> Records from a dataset
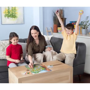 Baby Dinosaur Rescue! Um jogo de tabuleiro infantil cooperativo onde crianças de 4 a 8 anos trabalham juntas para levar todos os dinossauros à segurança da ilha antes que a lava encha o vale. Os jogadores trabalham juntos para ajudar todos os dinossauros a chegar à ilha. Jogue uma carta de item e caminhe pelo vale até aquele espaço. Desenhe um cartão de lava e a lava se aproxima de encher o vale. Ajude todos os dinossauros a chegar à ilha antes que o token de lava chegue ao último espaço e todos ganhem! Três níveis de jogo permitem que este jogo cresça com o seu filho. O jogo inclui 1 tabuleiro de jogo, 5 fichas de dinossauro, 1 ficha de lava, 13 cartas de lava, 36 cartas de terreno e três versões de jogo. As crianças aprenderão muitas novas habilidades, incluindo: - Resolução de problemas - Seguir instruções - Habilidades de fala - Revezamento - Desenvolvimento social - Cooperação. - Os dinossauros precisam da sua ajuda – os jogadores devem trabalhar juntos para ajudar os dinossauros a chegarem à ilha dos dinossauros antes que a lava chegue ao vale. Usando cartas baseadas em imagens, os jogadores trabalharão juntos para mover os dinossauros pelos espaços com imagens correspondentes para fugir da lava! - Não é necessária leitura – instruções simples e brincadeiras baseadas em imagens tornam esta a introdução perfeita aos jogos de tabuleiro que também ensinam habilidades essenciais como combinação, comunicação e trabalho em equipe. - Aprenda juntos, ganhe juntos: o Baby Dinosaur Rescue enfatiza o jogo e a colaboração em vez da competição. Os jogadores compartilham ideias e estratégias juntos para superar obstáculos enquanto aprendem novas habilidades por meio da diversão sem tela! - Perfeito para a noite de jogo em família – os detalhes fofos e vibrantes do Baby Dinosaur Rescue criam um ambiente imaginativo que crianças, pais e professores vão adorar. - Apoie uma pequena empresa familiar – somos uma equipe pequena e dedicada de professores, artistas e amantes de jogos apaixonados por criar jogos divertidos e educativos que unem famílias. Ao escolher o Baby Dinosaur Rescue, você não está apenas apoiando uma pequena empresa, mas também nos ajudando a continuar nossa missão de criar experiências de brincadeiras significativas e cooperativas para crianças e famílias.
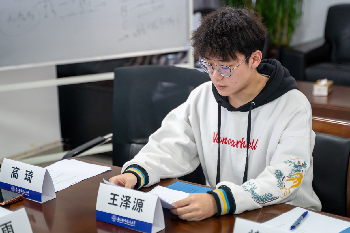 王泽源作为入选学生代表发言,他表示作为一名立志于科研的学生一定不会辜负电竞 的期望,珍惜来之不易的机会,以严谨的学习态度,认真求是的作风,向指导老师虚心求教,不断提升自身科研能力。
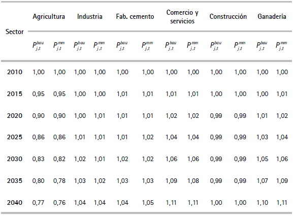 A partir de la matriz de contabilidad social del año 2010 (véase anexo 4) se construye el escenario base (BAU [business as usual]). En él no hay implementación del compromiso de reducción de emisiones y se utiliza como un punto de comparación para evaluar el efecto de la implementación de las medidas de mitigación de emisiones de GEI. Este escenario no es una proyección o pronóstico de la economía, sino una referencia al crecimiento potencial de la economía, que debe ser consistente con tres balances macroeconómicos: el déficit del Gobierno (ahorro público), la cuenta corriente (ahorro externo) y el balance ahorro-inversión.
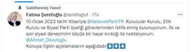 Gelecek Partisi Kurucular Kurulu ve Etik Kurulu Üyesi Fatma Şerefoğlu partisinden istifa etti.
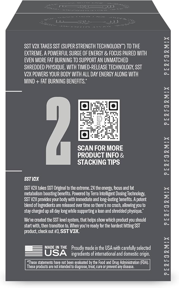 PERFORMIX - SST V2X - Pre Workout - 300 mg Caffeine - Energy Supplements - No Crash - Nootropic - Timed-Release for All Day Focus, Mood & Energy Boost - Men & Women - 80 Capsules
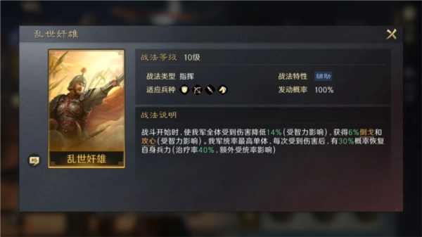 自带战法为【乱世奸雄】,这是一个指挥类战法,能够为全队提供减伤效果,同时让我军获得“倒戈”与“攻心”的战斗增益;此外,当我军统率最高的单体单位受到伤害时,将有一定概率恢复自身兵力,从而提升部队的整体生存能力。
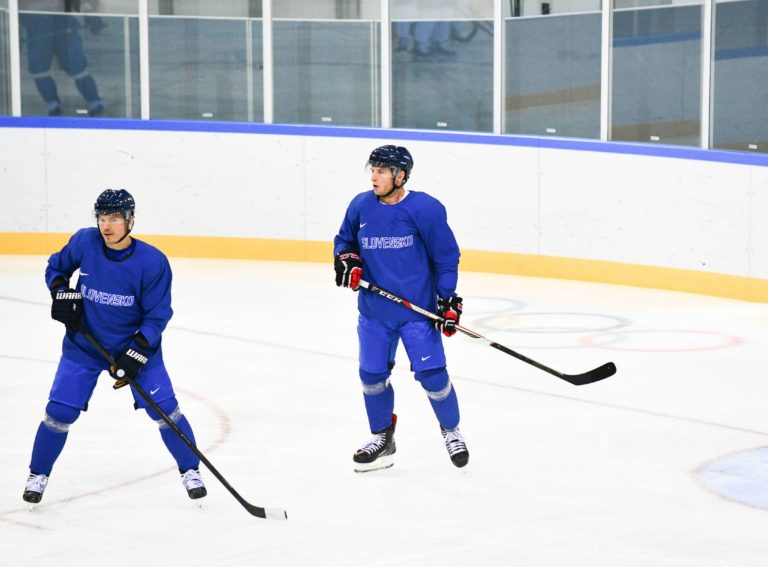Hokejisti slovenskej reperezentácie na tréningu v tréningovej hale počas ZOH 2018 v juhokórejskom Pjongčangu. Kórejská republika, Gangneung, 10. február 2018. Foto: SITA/Martin Medňanský
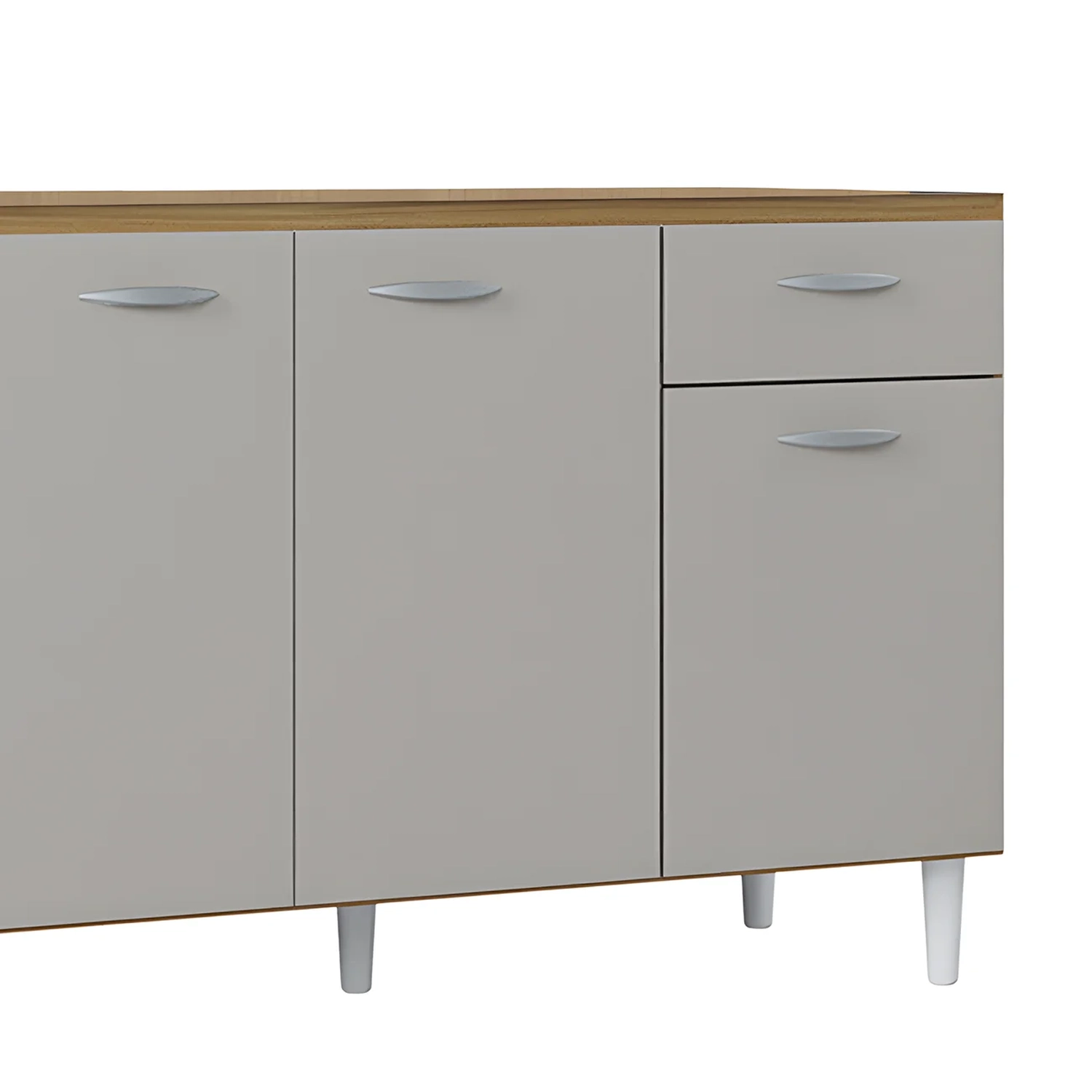 O Balcão para Pia possui três portas e uma gaveta que garantem amplo espaço interno para panelas, utensílios e mantimentos. Compacto e funcional, é perfeito para cozinhas de diferentes tamanhos e pode ser combinado com pia ou tampo.
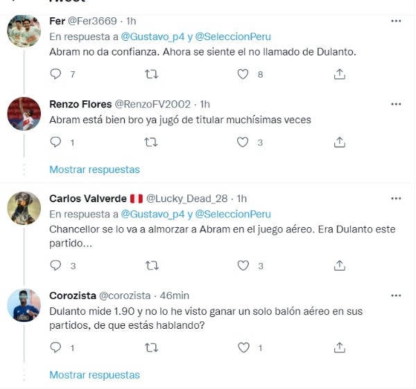 La baja de Alexander Callens le daría oportunidad a regresar al equipo titular a Luis Abram, aunque en las redes sociales los hinchas de la ‘bicolor’ vienen pidiendo la convocatoria de Gustavo Dulanto, el jugadordel Sheriff era una posibilidad para esta convocatoria en las fechas 13 y 14, pero Ricardo Gareca no lo tomó en cuenta.
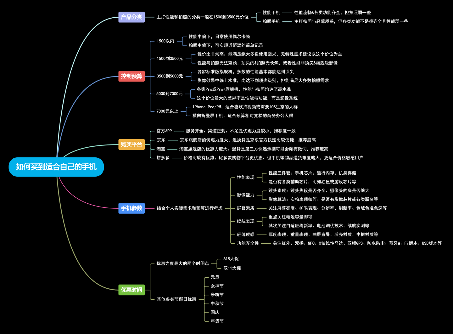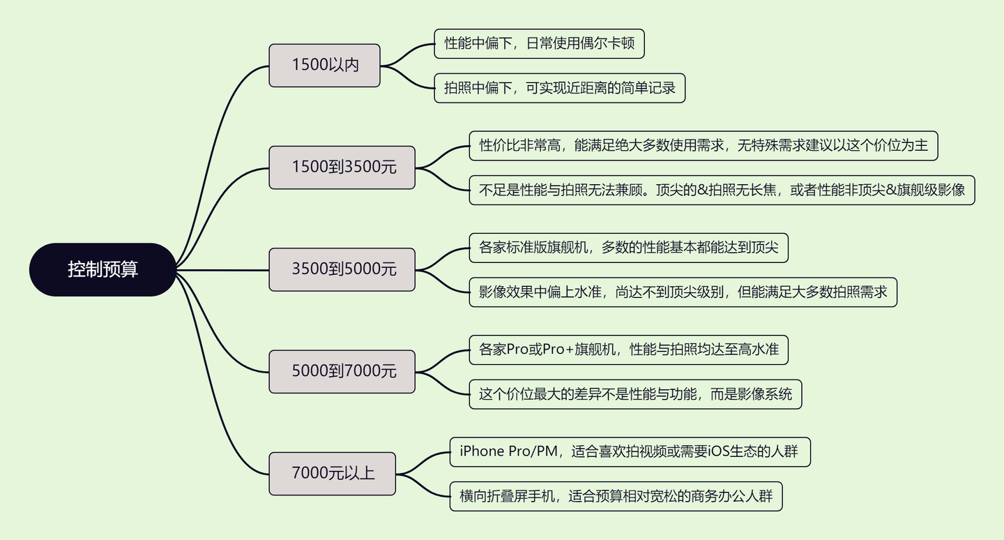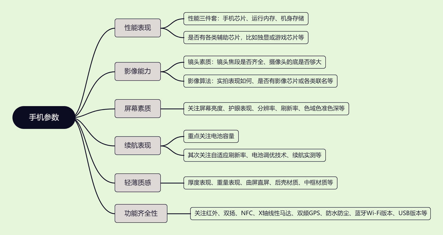 这里我整理了一个思维导图帮助大家更好的理清购机思路,内容包括了以下几个方面。
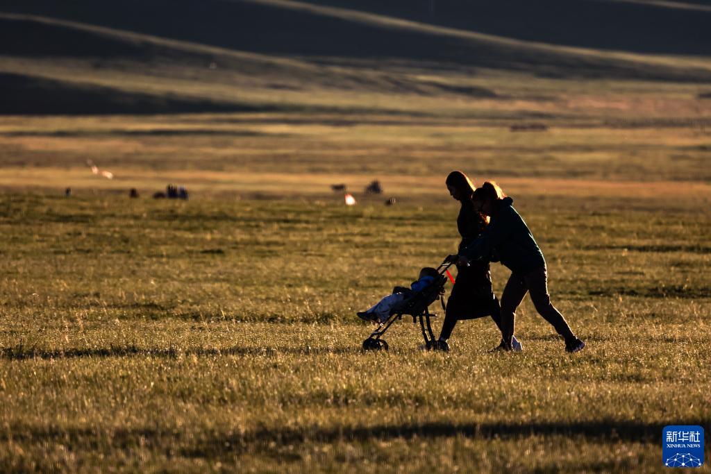 散去了白天的喧囂,距離蒙古國首都烏蘭巴托40多公里的泰吉山谷又恢復了往日的寧靜,夕陽給山谷和牧場披上了金色的盛裝。參加2023年度“游牧民族”世界文化節的人們,有的選擇在此宿營,等待次日繼續參加文化節的各種活動,有的選擇駕車返回烏蘭巴托或附近的牧點。牧人們將放牧的馬匹收攏并帶回家中,不知疲倦的孩子們繼續在夕陽中嬉戲打鬧。

> ASSIGNED TASK
What you return must match the lines above from the one with "自带战法为【乱世奸雄】,这是" through the one with "O Balcão para" exactly, with both ends included and the pictures excluded.

> SOLUTION TO THIS EXERCISE
 自带战法为【乱世奸雄】,这是一个指挥类战法,能够为全队提供减伤效果,同时让我军获得“倒戈”与“攻心”的战斗增益;此外,当我军统率最高的单体单位受到伤害时,将有一定概率恢复自身兵力,从而提升部队的整体生存能力。
Hokejisti slovenskej reperezentácie na tréningu v tréningovej hale počas ZOH 2018 v juhokórejskom Pjongčangu. Kórejská republika, Gangneung, 10. február 2018. Foto: SITA/Martin Medňanský
 O Balcão para Pia possui três portas e uma gaveta que garantem amplo espaço interno para panelas, utensílios e mantimentos. Compacto e funcional, é perfeito para cozinhas de diferentes tamanhos e pode ser combinado com pia ou tampo.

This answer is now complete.